Your goal —
Your task is to copy exactly the lines from the line containing "9ct White Gold" through the end of the listing below, with pictures left out.

[Recorded information Boundary: Start]

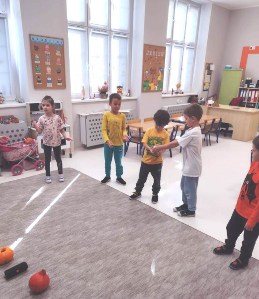 Pod koniec października w naszej grupie świętowaliśmy Dzień dyni. Dzieci mogły wziąć udział w ciekawych zabawach ruchowych ćwicząc swoje zmysły. Za pomocą dłoni rozpoznawały rodzaje dyni ukryte w pojemnikach oraz dzięki zmysłom wzroku i węchu wykonały eksperyment z "wybuchającą dynią". Przedszkolacy z naszej grupy ćwiczą również umiejętności czytelnicze poprzez dopasowywanie takich samych sylab znajdujących się na papierowych dyniach. Na zakończenie zajęć "Mrówki" wykonały jesienną krzyżówkę utrwalając poznane litery. To był aktywny dzień!
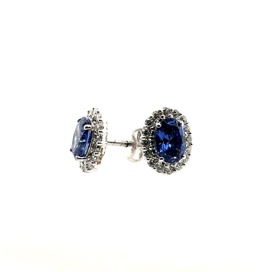 9ct White Gold Sapphire CZ Oval Cluster Stud Earrings GES112
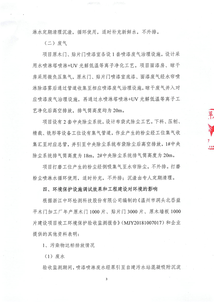 根據(jù)浙江中環(huán)檢測(cè)科技股份有限公司編制的《溫州市洞頭北岙益平木門加工廠年產(chǎn)原木門1000片、貼片門3000片、原木墻板1000片建設(shè)項(xiàng)目竣工環(huán)境保護(hù)驗(yàn)收監(jiān)測(cè)報(bào)告》(MJY20181007017)和企業(yè)提供的其他資料表明:
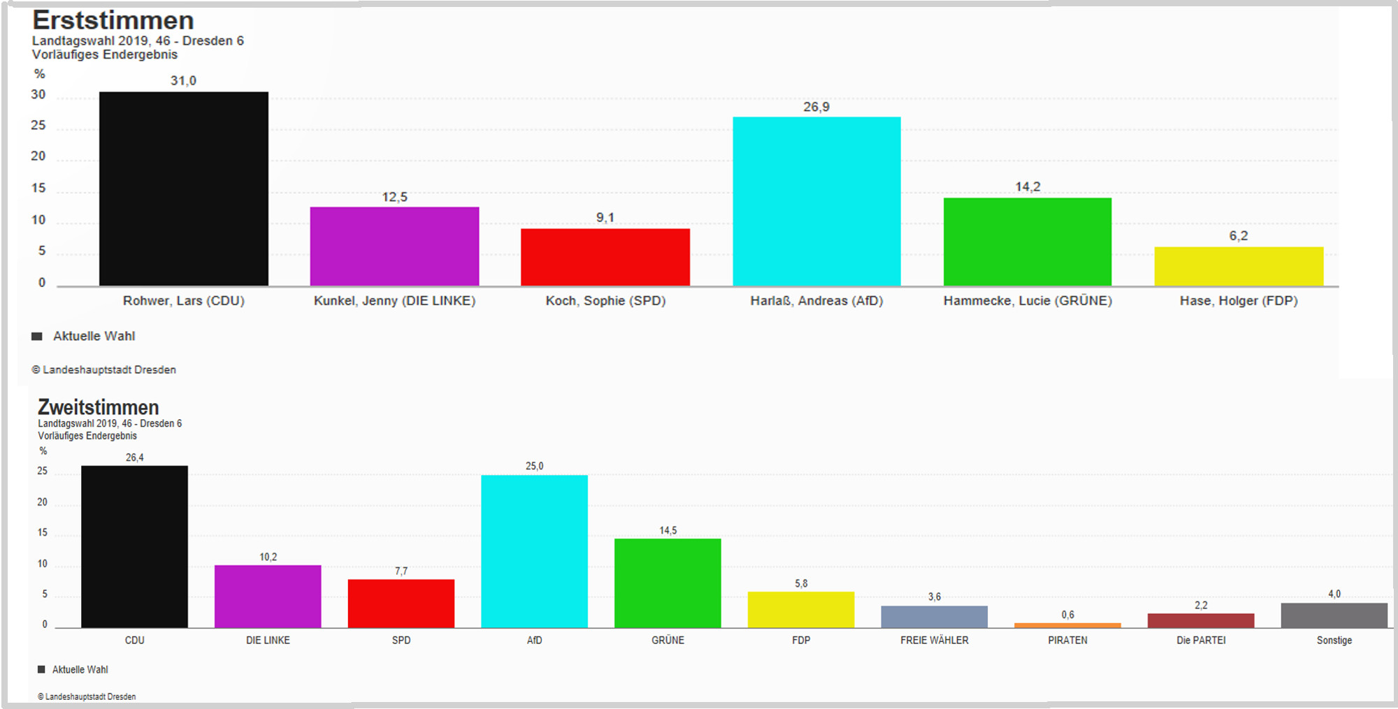 Landtagswahl 2019: Ergebnisse im Wahlkreis 46, Dresden 6. Quelle: Landeshauptstadt Dresden

[Recorded information Boundary: End]

Result of this exercise —
 9ct White Gold Sapphire CZ Oval Cluster Stud Earrings GES112
 根據(jù)浙江中環(huán)檢測(cè)科技股份有限公司編制的《溫州市洞頭北岙益平木門加工廠年產(chǎn)原木門1000片、貼片門3000片、原木墻板1000片建設(shè)項(xiàng)目竣工環(huán)境保護(hù)驗(yàn)收監(jiān)測(cè)報(bào)告》(MJY20181007017)和企業(yè)提供的其他資料表明:
 Landtagswahl 2019: Ergebnisse im Wahlkreis 46, Dresden 6. Quelle: Landeshauptstadt Dresden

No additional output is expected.